- **What is required**: The entries below contain pictures, which are to be left out; write out exactly, and only, the lines from the line with "Earlier, a motorcycle" up to and including the line with "毎月施設内で開催している「カ".

- **Supplied data**:
□ □ □ □ □ □ □

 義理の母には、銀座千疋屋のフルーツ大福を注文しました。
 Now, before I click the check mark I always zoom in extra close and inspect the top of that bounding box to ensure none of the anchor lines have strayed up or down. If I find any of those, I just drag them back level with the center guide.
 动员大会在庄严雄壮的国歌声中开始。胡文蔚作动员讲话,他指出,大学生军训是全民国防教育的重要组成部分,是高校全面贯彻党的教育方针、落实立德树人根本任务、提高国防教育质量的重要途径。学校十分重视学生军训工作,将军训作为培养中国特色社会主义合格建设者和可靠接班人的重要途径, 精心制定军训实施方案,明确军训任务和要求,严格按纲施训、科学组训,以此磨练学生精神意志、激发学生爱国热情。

□ □ □ □ □ □ □

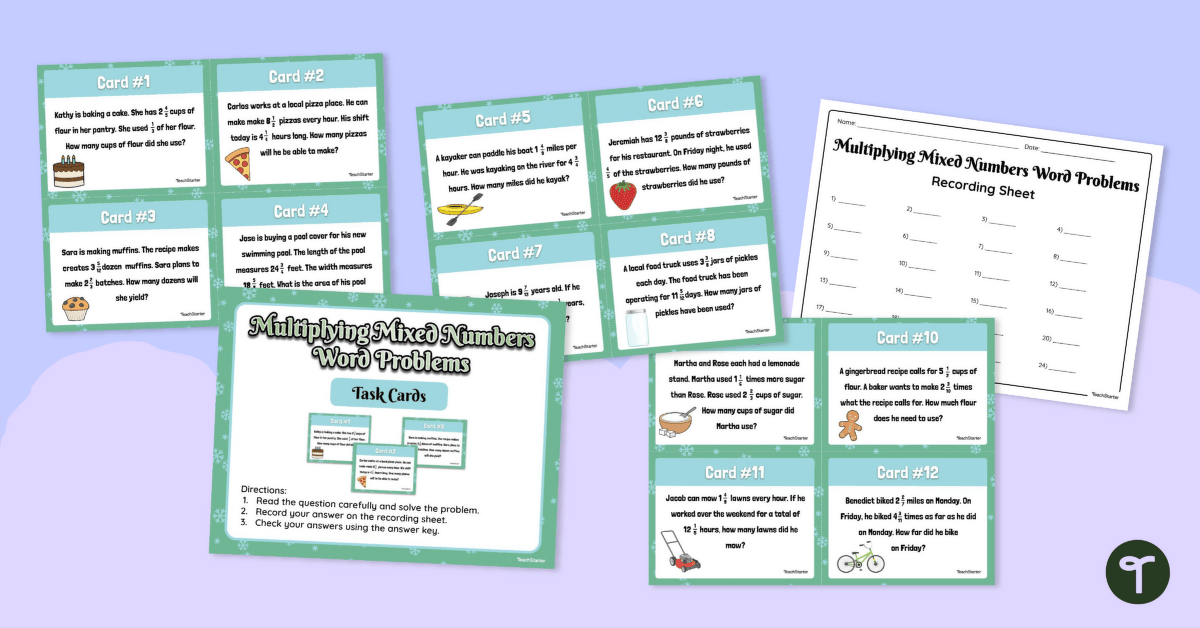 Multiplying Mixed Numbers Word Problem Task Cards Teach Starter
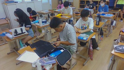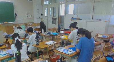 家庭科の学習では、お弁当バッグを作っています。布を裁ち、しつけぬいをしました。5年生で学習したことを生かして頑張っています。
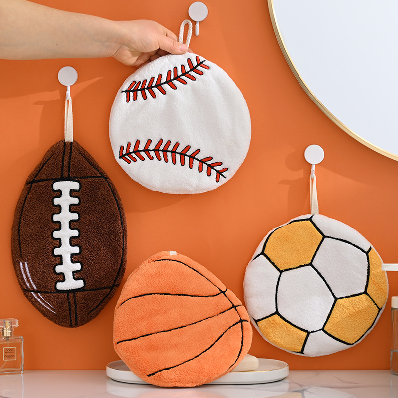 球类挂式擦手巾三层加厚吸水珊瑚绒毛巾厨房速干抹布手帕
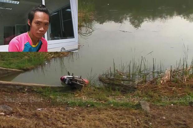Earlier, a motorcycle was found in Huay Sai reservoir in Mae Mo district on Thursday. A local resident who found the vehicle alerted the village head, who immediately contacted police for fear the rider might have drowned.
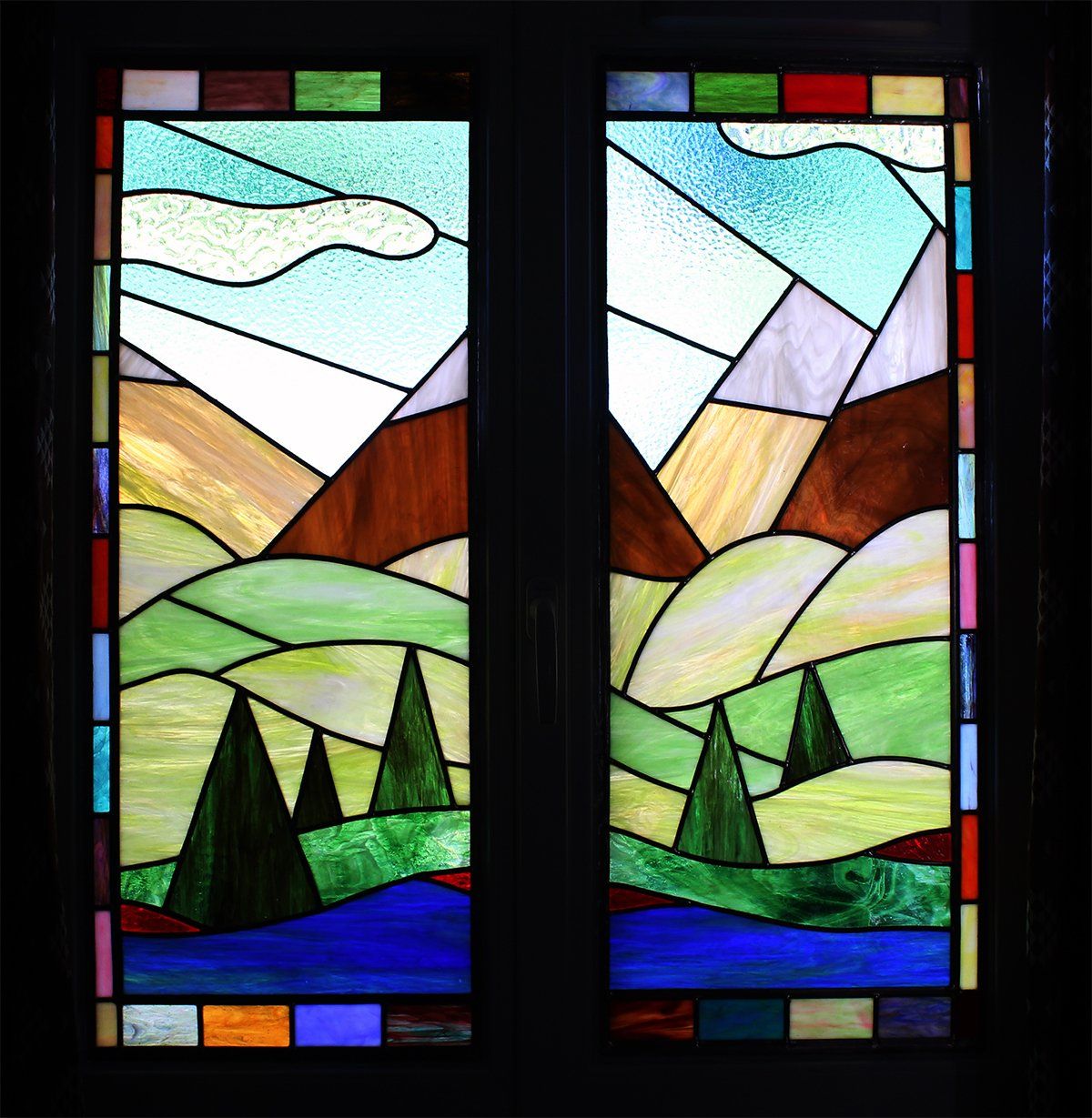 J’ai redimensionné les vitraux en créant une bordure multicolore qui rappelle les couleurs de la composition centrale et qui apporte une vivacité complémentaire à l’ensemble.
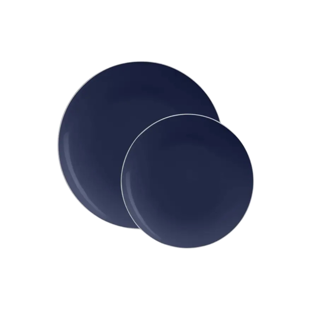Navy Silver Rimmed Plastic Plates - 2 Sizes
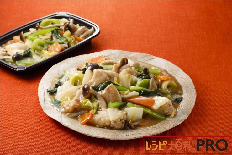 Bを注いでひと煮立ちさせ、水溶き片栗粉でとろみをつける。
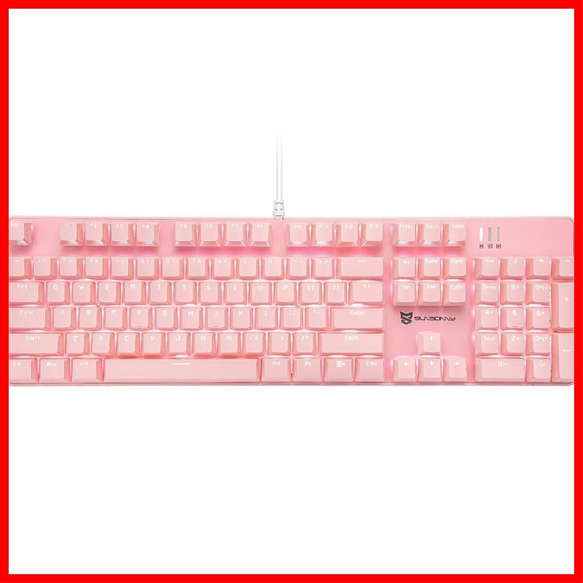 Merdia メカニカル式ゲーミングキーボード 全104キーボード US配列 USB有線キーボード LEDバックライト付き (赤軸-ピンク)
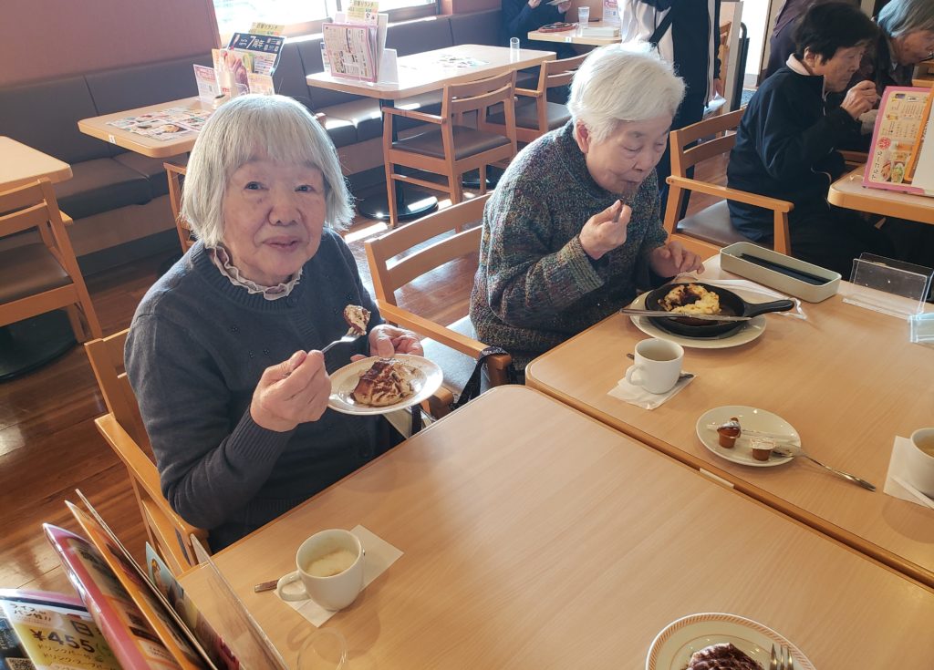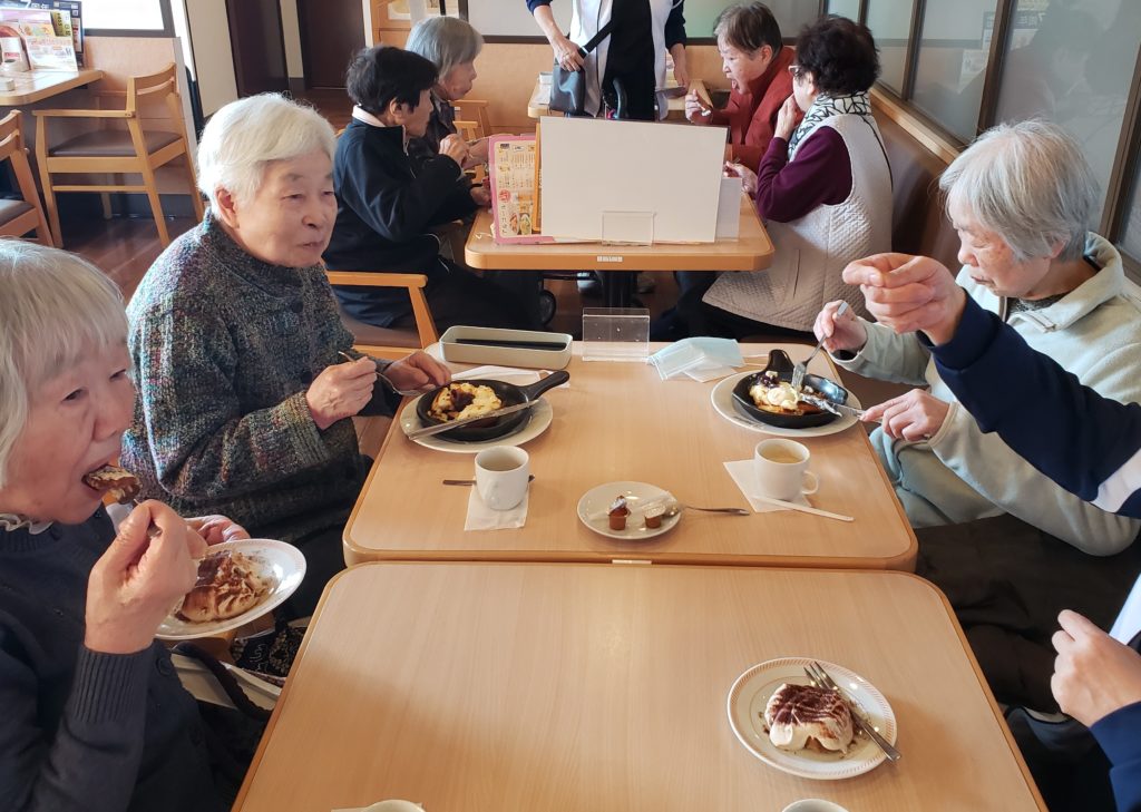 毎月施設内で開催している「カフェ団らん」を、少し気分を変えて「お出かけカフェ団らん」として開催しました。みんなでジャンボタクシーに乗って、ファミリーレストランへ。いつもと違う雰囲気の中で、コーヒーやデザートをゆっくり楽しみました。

□ □ □ □ □ □ □

- **Result of the exercise**:
Earlier, a motorcycle was found in Huay Sai reservoir in Mae Mo district on Thursday. A local resident who found the vehicle alerted the village head, who immediately contacted police for fear the rider might have drowned.
 J’ai redimensionné les vitraux en créant une bordure multicolore qui rappelle les couleurs de la composition centrale et qui apporte une vivacité complémentaire à l’ensemble.
Navy Silver Rimmed Plastic Plates - 2 Sizes
 Bを注いでひと煮立ちさせ、水溶き片栗粉でとろみをつける。
 Merdia メカニカル式ゲーミングキーボード 全104キーボード US配列 USB有線キーボード LEDバックライト付き (赤軸-ピンク)
 毎月施設内で開催している「カフェ団らん」を、少し気分を変えて「お出かけカフェ団らん」として開催しました。みんなでジャンボタクシーに乗って、ファミリーレストランへ。いつもと違う雰囲気の中で、コーヒーやデザートをゆっくり楽しみました。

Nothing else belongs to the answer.